Intermediate course of the river (segment of 34.1 km)

From Route 116, the Chêne River flows over:
- 3.6 km northwesterly, curving northeasterly, in Dosquet, to the municipal limit of Lyster;
- 0.7 km west into Lyster, to a road;
- 4.4 km westward, to the limit of Lyster and Saint-Janvier-de-Joly;
- 0.6 km westward, in the municipality of Saint-Janvier-de-Joly;
- 1.7 km west, in the municipality of Lyster, to the confluence of the rivière aux Chevreuils;
- 0.9 km west, to a road;
- 3.8 km west, to the road bridge in the village of Val-Alain;
- 4.6 km (or 2.8 km in a direct line) northwest, to the highway 20 bridge;
- 6.4 km (or 4.0 km in a direct line) northward, up to the limit between the municipalities of Val-Alain and Leclercville;
- 7.4 km (or 3.2 km in a direct line) towards the northeast, winding up to the confluence of the Henri river, that is to say the locality "Les Trois-Fourches ".

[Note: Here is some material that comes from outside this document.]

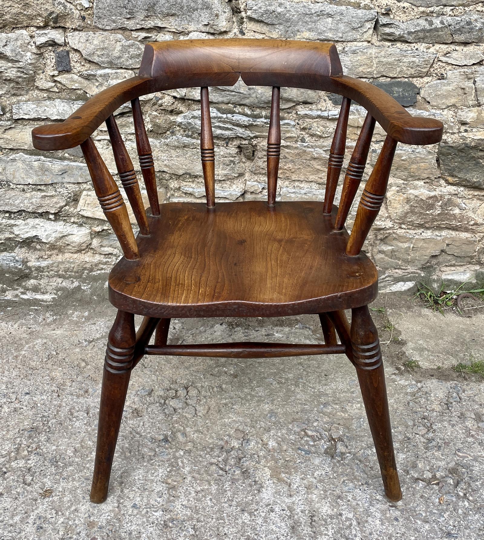 Antique Elm Seated Smoker’s Bow Armchair

Lower course of the river (segment of 25.5 km)

From the confluence with the Henri River located in Leclercville, the Chêne River flows over:
- 7.5 km (or 4.4 km in a direct line) towards the north-west, passing through the lieu-dit Fonds de Badoche and to Île à Soucy, winding to route 226; the last 1.3 km of this segment constitutes the municipal boundary between Saint-Édouard-de-Lotbinière and Leclercville;
- 16.2 km (or 7.8 km in a direct line) towards the west, up to the limit of the village municipality of Leclercville;
- 1.4 km northwesterly, zigzagging through Leclercville to route 132;
- 0.4 km north-west, up to its confluence.

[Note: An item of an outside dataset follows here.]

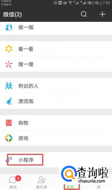 首先,我们打开我们的微信,然后我们点击发现,之后我们点击小程序;

The Chêne River flows over the Chêne Flats, on the south shore of the estuary of Saint Lawrence, in the village of Leclercville. Its confluence is located at the tip of Leclercville, west of the center of the village of Lotbinière, east of the center of the village of Deschaillons-sur-Saint-Laurent and west of the village of Saint-Édouard. It is also located at 3.3 km east of the confluence of the Petite rivière du Chêne.

== Toponymy ==
The toponym Rivière du Chêne was formalized on December 5, 1968, at the Commission de toponymie du Québec.